### Supplied material ###
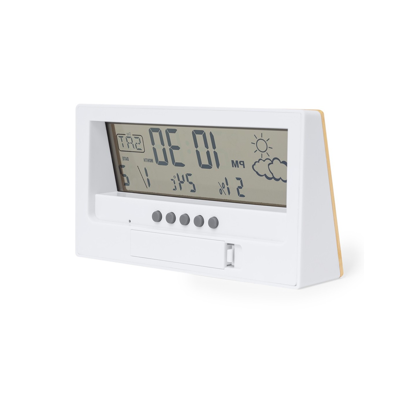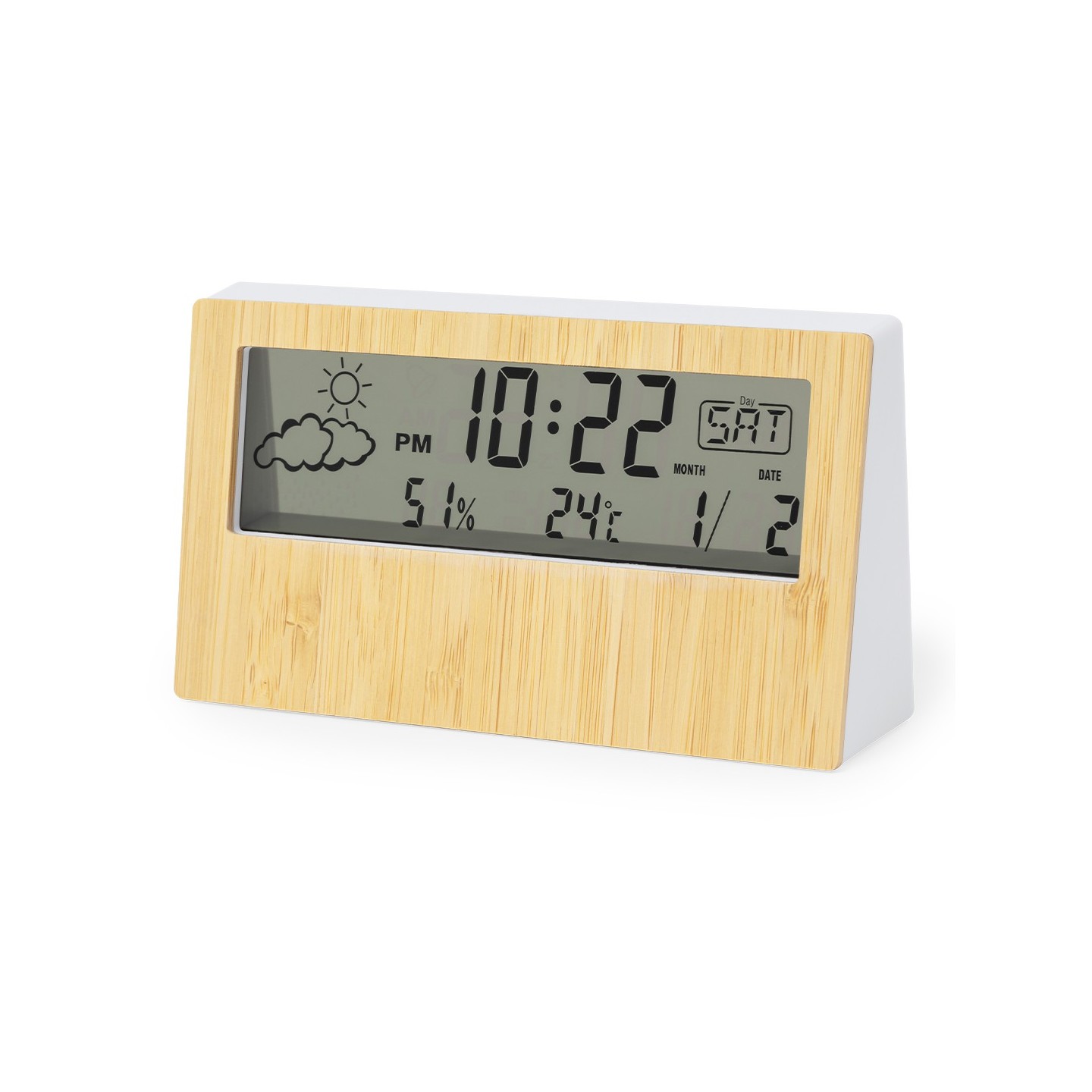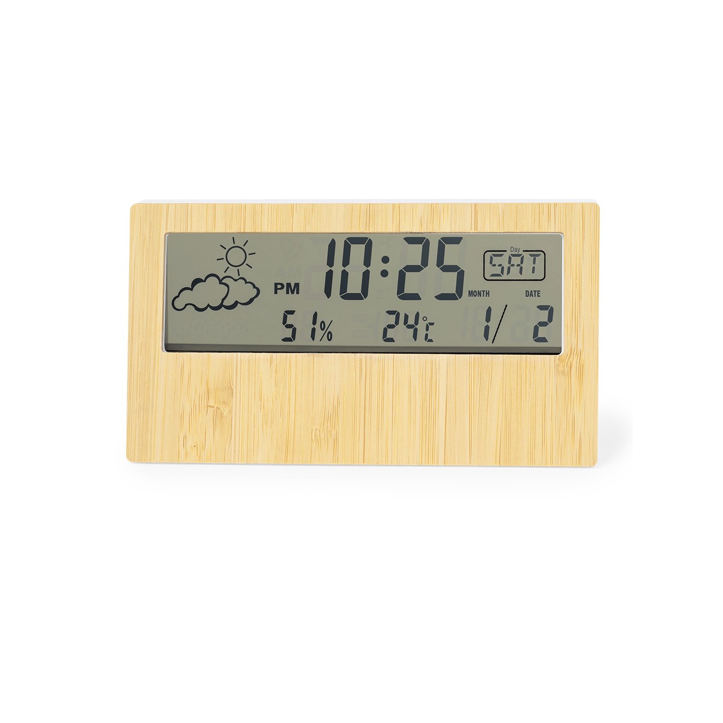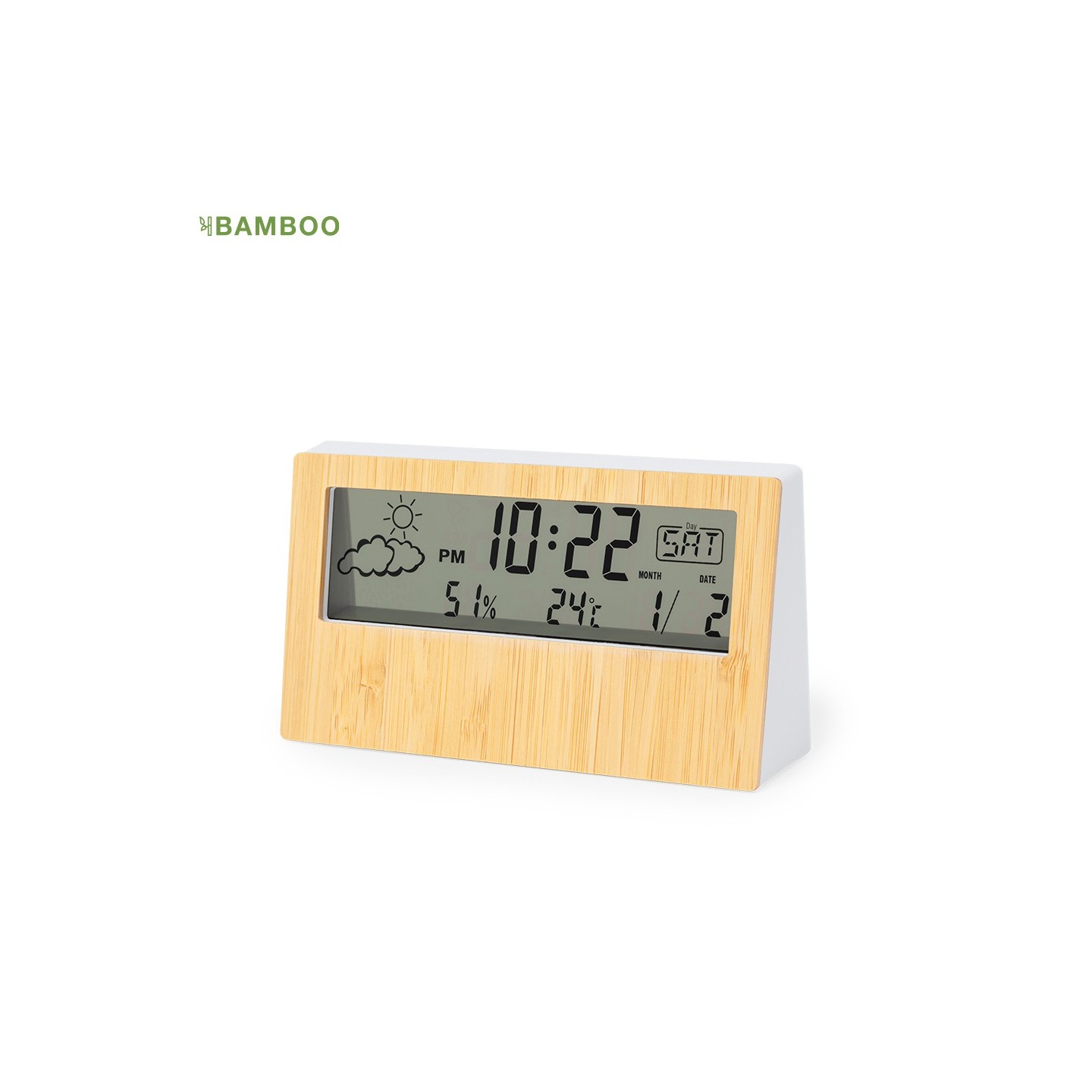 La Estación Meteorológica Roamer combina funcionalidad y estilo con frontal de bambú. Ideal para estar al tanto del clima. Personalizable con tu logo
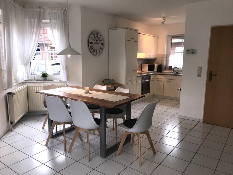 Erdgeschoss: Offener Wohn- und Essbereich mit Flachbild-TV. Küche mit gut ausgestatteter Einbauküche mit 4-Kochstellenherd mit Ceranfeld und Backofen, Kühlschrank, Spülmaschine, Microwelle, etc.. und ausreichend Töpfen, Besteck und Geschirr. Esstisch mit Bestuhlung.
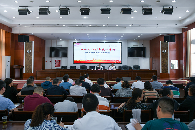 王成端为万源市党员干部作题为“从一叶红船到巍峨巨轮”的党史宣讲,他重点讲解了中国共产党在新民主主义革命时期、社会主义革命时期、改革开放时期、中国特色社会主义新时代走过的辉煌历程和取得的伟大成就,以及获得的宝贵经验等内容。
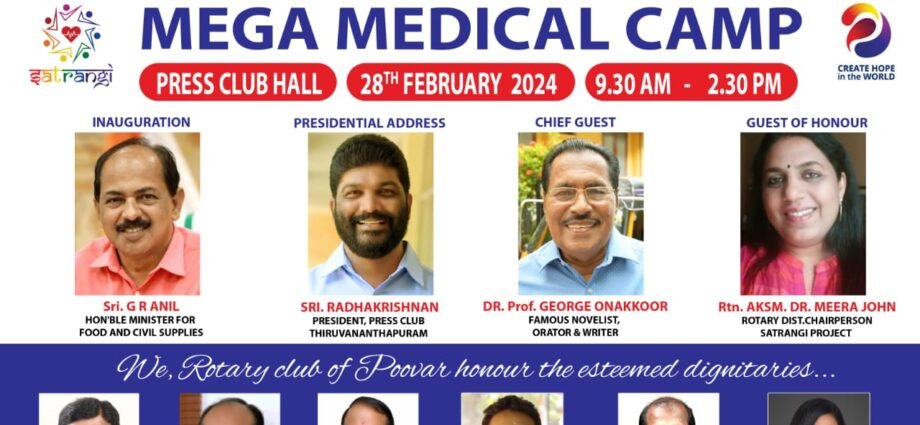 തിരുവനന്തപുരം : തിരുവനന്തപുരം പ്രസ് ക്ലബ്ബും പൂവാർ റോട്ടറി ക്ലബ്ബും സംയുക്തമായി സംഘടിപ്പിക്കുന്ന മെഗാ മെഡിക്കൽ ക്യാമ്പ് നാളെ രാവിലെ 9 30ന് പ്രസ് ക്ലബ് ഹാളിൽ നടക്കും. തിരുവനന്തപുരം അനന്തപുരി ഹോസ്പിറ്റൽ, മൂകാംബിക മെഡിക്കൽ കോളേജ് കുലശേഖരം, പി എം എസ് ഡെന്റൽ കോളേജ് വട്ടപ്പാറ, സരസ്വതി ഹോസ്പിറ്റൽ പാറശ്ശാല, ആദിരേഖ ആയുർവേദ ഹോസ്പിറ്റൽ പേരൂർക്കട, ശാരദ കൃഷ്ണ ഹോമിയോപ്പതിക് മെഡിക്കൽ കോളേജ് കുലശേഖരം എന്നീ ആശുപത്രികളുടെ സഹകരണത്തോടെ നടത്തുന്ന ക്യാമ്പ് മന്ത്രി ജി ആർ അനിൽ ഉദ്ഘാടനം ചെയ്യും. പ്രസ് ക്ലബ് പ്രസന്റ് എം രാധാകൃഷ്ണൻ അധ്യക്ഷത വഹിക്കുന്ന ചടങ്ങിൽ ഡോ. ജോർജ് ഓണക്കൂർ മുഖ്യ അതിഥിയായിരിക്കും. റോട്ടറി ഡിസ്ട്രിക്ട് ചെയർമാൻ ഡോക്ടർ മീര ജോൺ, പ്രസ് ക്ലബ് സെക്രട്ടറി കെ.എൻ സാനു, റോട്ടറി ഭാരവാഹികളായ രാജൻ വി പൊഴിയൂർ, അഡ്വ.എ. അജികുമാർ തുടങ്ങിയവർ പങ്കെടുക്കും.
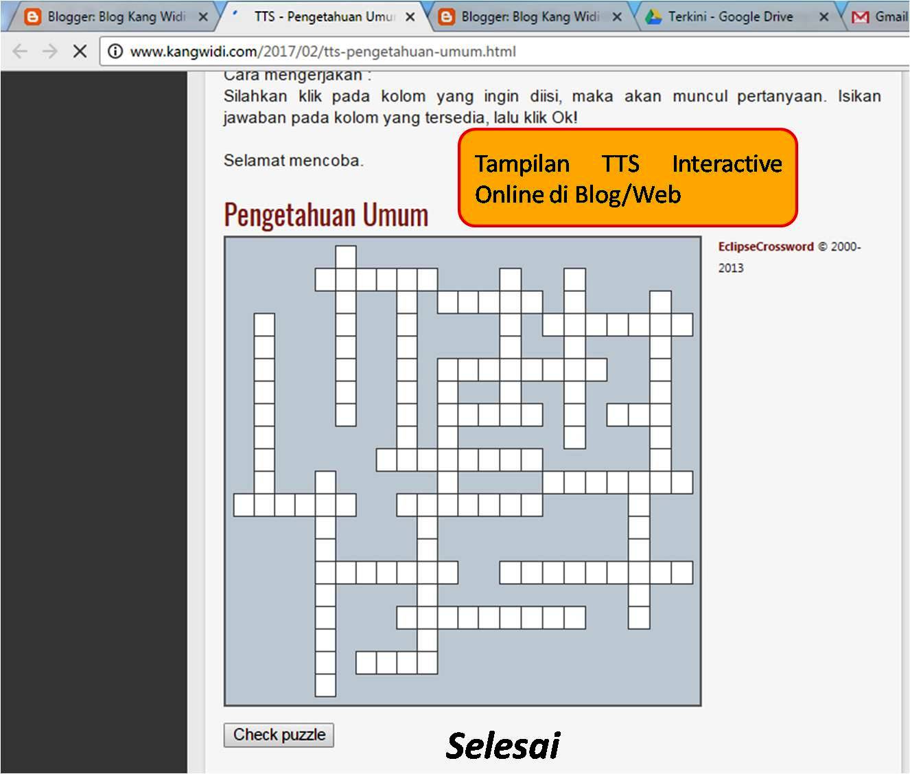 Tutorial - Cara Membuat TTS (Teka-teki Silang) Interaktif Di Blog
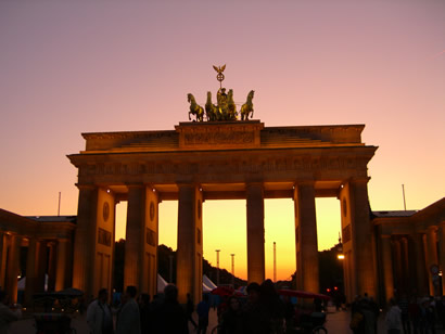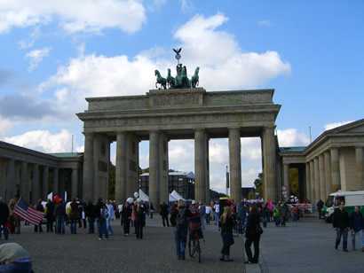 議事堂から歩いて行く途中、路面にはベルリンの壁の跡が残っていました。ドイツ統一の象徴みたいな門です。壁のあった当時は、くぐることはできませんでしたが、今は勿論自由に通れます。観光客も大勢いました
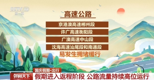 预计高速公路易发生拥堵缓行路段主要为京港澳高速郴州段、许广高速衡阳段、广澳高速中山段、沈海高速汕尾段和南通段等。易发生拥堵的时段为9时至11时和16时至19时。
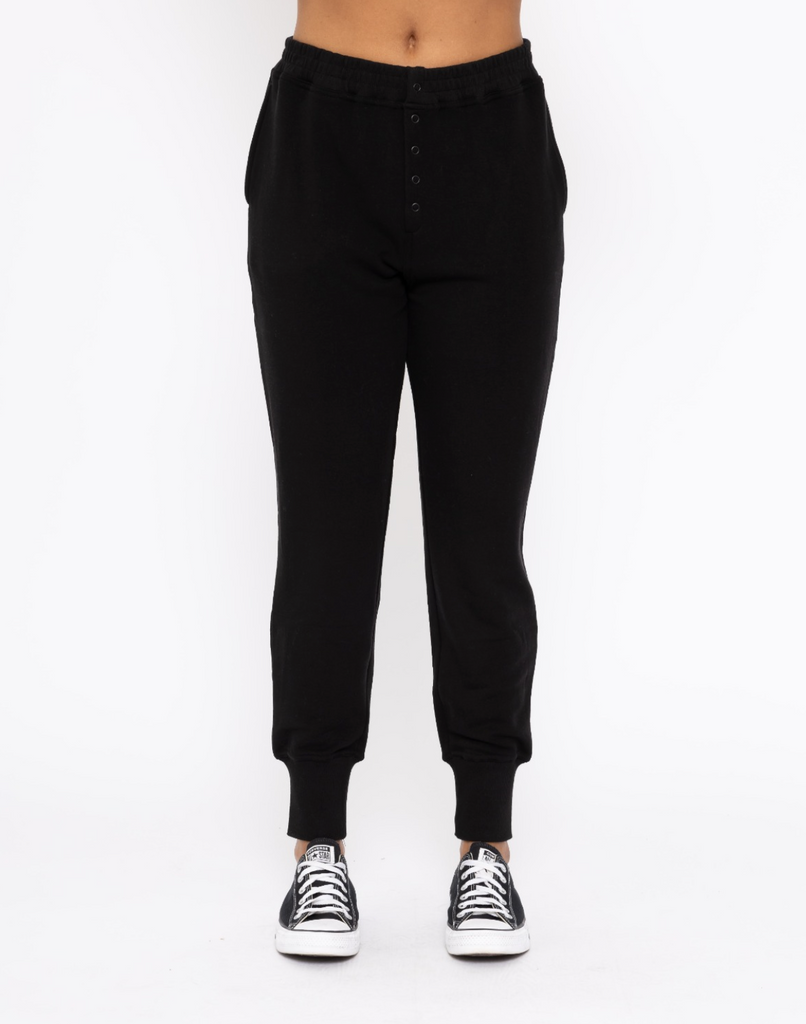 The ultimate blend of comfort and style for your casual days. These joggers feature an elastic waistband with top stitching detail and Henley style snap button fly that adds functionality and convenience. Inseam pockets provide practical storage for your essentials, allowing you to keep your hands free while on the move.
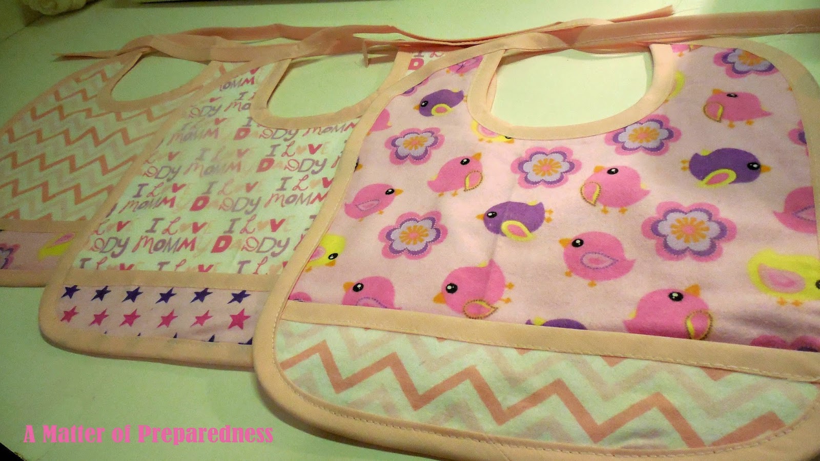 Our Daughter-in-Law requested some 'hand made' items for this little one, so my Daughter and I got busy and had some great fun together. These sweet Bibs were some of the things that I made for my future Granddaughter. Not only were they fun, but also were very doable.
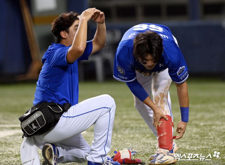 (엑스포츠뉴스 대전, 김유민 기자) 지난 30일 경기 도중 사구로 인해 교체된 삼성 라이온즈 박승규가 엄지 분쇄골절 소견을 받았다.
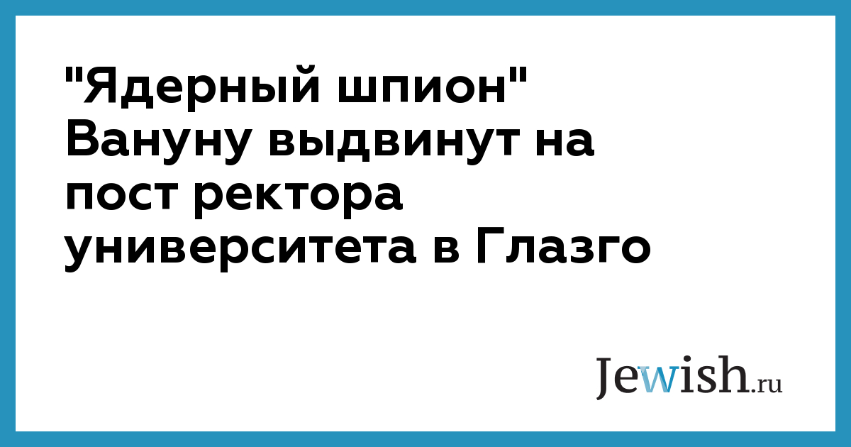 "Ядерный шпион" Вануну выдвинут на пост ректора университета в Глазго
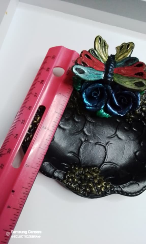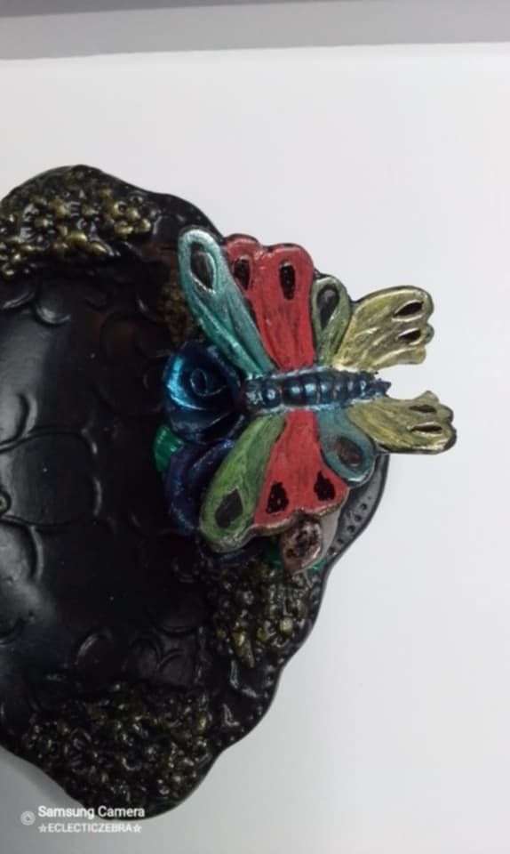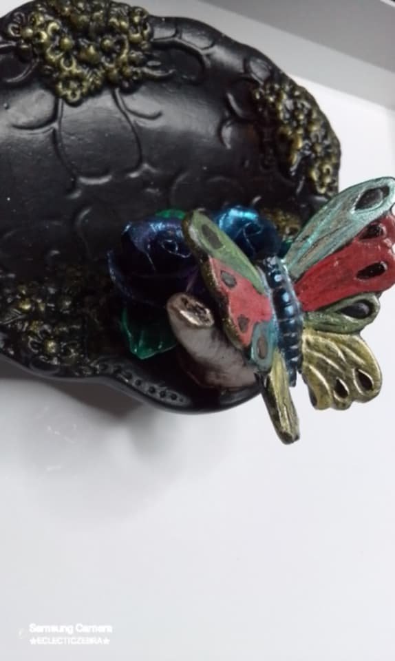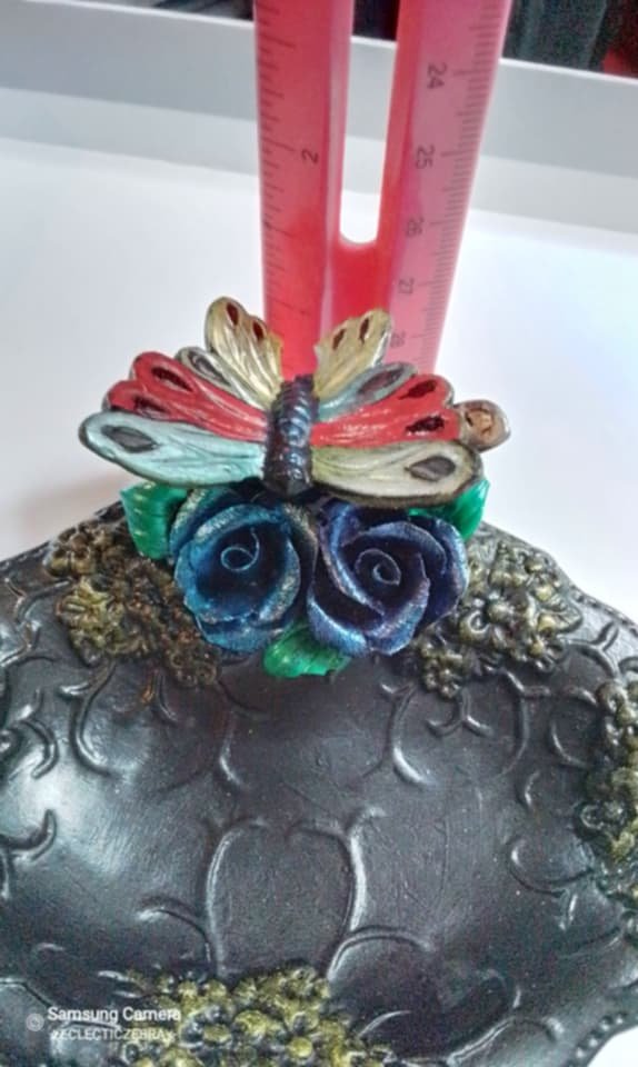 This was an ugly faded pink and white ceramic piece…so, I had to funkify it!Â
###
### [Exercise aim]
All records are to be reproduced exactly; the pictures are to be omitted.

### [Answer to this problem]
 La Estación Meteorológica Roamer combina funcionalidad y estilo con frontal de bambú. Ideal para estar al tanto del clima. Personalizable con tu logo
 Erdgeschoss: Offener Wohn- und Essbereich mit Flachbild-TV. Küche mit gut ausgestatteter Einbauküche mit 4-Kochstellenherd mit Ceranfeld und Backofen, Kühlschrank, Spülmaschine, Microwelle, etc.. und ausreichend Töpfen, Besteck und Geschirr. Esstisch mit Bestuhlung.
 王成端为万源市党员干部作题为“从一叶红船到巍峨巨轮”的党史宣讲,他重点讲解了中国共产党在新民主主义革命时期、社会主义革命时期、改革开放时期、中国特色社会主义新时代走过的辉煌历程和取得的伟大成就,以及获得的宝贵经验等内容。
 തിരുവനന്തപുരം : തിരുവനന്തപുരം പ്രസ് ക്ലബ്ബും പൂവാർ റോട്ടറി ക്ലബ്ബും സംയുക്തമായി സംഘടിപ്പിക്കുന്ന മെഗാ മെഡിക്കൽ ക്യാമ്പ് നാളെ രാവിലെ 9 30ന് പ്രസ് ക്ലബ് ഹാളിൽ നടക്കും. തിരുവനന്തപുരം അനന്തപുരി ഹോസ്പിറ്റൽ, മൂകാംബിക മെഡിക്കൽ കോളേജ് കുലശേഖരം, പി എം എസ് ഡെന്റൽ കോളേജ് വട്ടപ്പാറ, സരസ്വതി ഹോസ്പിറ്റൽ പാറശ്ശാല, ആദിരേഖ ആയുർവേദ ഹോസ്പിറ്റൽ പേരൂർക്കട, ശാരദ കൃഷ്ണ ഹോമിയോപ്പതിക് മെഡിക്കൽ കോളേജ് കുലശേഖരം എന്നീ ആശുപത്രികളുടെ സഹകരണത്തോടെ നടത്തുന്ന ക്യാമ്പ് മന്ത്രി ജി ആർ അനിൽ ഉദ്ഘാടനം ചെയ്യും. പ്രസ് ക്ലബ് പ്രസന്റ് എം രാധാകൃഷ്ണൻ അധ്യക്ഷത വഹിക്കുന്ന ചടങ്ങിൽ ഡോ. ജോർജ് ഓണക്കൂർ മുഖ്യ അതിഥിയായിരിക്കും. റോട്ടറി ഡിസ്ട്രിക്ട് ചെയർമാൻ ഡോക്ടർ മീര ജോൺ, പ്രസ് ക്ലബ് സെക്രട്ടറി കെ.എൻ സാനു, റോട്ടറി ഭാരവാഹികളായ രാജൻ വി പൊഴിയൂർ, അഡ്വ.എ. അജികുമാർ തുടങ്ങിയവർ പങ്കെടുക്കും.
 Tutorial - Cara Membuat TTS (Teka-teki Silang) Interaktif Di Blog
 議事堂から歩いて行く途中、路面にはベルリンの壁の跡が残っていました。ドイツ統一の象徴みたいな門です。壁のあった当時は、くぐることはできませんでしたが、今は勿論自由に通れます。観光客も大勢いました
 预计高速公路易发生拥堵缓行路段主要为京港澳高速郴州段、许广高速衡阳段、广澳高速中山段、沈海高速汕尾段和南通段等。易发生拥堵的时段为9时至11时和16时至19时。
 The ultimate blend of comfort and style for your casual days. These joggers feature an elastic waistband with top stitching detail and Henley style snap button fly that adds functionality and convenience. Inseam pockets provide practical storage for your essentials, allowing you to keep your hands free while on the move.
 Our Daughter-in-Law requested some 'hand made' items for this little one, so my Daughter and I got busy and had some great fun together. These sweet Bibs were some of the things that I made for my future Granddaughter. Not only were they fun, but also were very doable.
 (엑스포츠뉴스 대전, 김유민 기자) 지난 30일 경기 도중 사구로 인해 교체된 삼성 라이온즈 박승규가 엄지 분쇄골절 소견을 받았다.
 "Ядерный шпион" Вануну выдвинут на пост ректора университета в Глазго
 This was an ugly faded pink and white ceramic piece…so, I had to funkify it!Â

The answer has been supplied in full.